Although ionising radiation can damage DNA in the cells of people exposed to it, potentially their risk of cancer, it was less clear whether egg and sperm cells were similarly affected. In theory, mutations in these cells could be transmitted down the generations, potentially triggering developmental disorders or cancers in the descendents of radiation-exposed individuals.




© Photograph: Gleb Garanich/Reuters
The abandoned town of Pripyat near the Chernobyl nuclear power plant.

To investigate this possibility, Chanock and his colleagues analysed the genomes of 130 children born to parents who were either involved in the cleanup of the Chernobyl site after the accident, or were evacuated from nearby towns and settlements, as well the parents’ genomes. All of the children were conceived after the accident.
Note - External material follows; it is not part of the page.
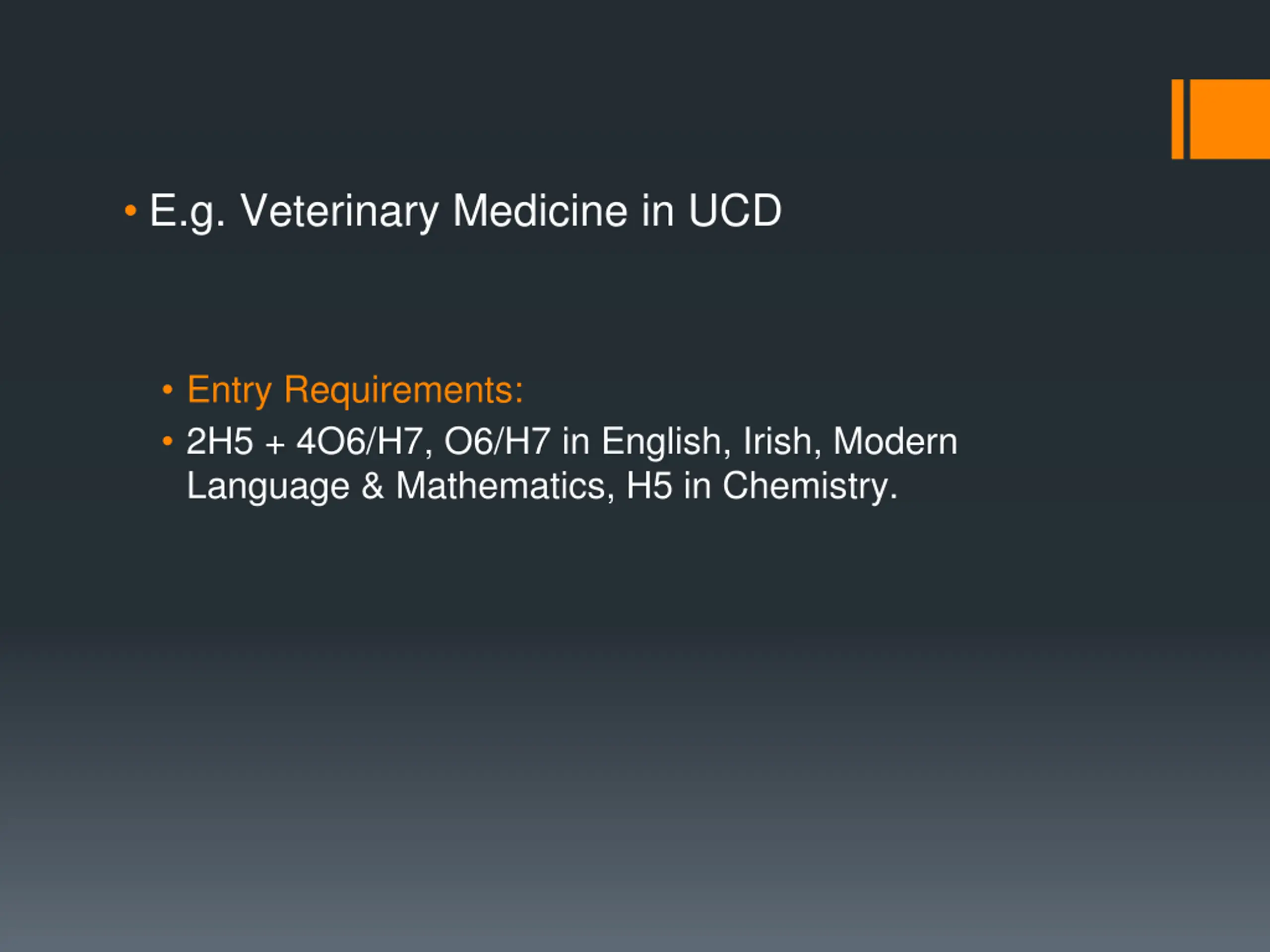 E.g. Veterinary Medicine in UCD Entry Requirements: 2H5 + 4O6/H7, O6/H7 in English, Irish, Modern Language & Mathematics, H5 in Chemistry.

Even though their parents had been exposed to high levels of radiation, there was no increase in the number of new mutations – those not detected in either parent but that could have arisen because of damage to their eggs or sperm – in these children.

“These mutations may be in the parents’ blood, but we’re not seeing this horrific science-fiction-like mutation of sperm and eggs,” said Chanock. “I think this should be reassuring data that there’s a lack of evidence for substantial or significant transgenerational effects.”

Dr Alex Cagan, a postdoctoral fellow at the Wellcome Sanger Institute in Hinxton, England, said: “While these findings do not diminish the innumerable personal tragedies associated with the Chernobyl nuclear accident they do provide a glimmer of hope that the potentially damaging effects to DNA do not appear to have been passed down to the children of those involved.”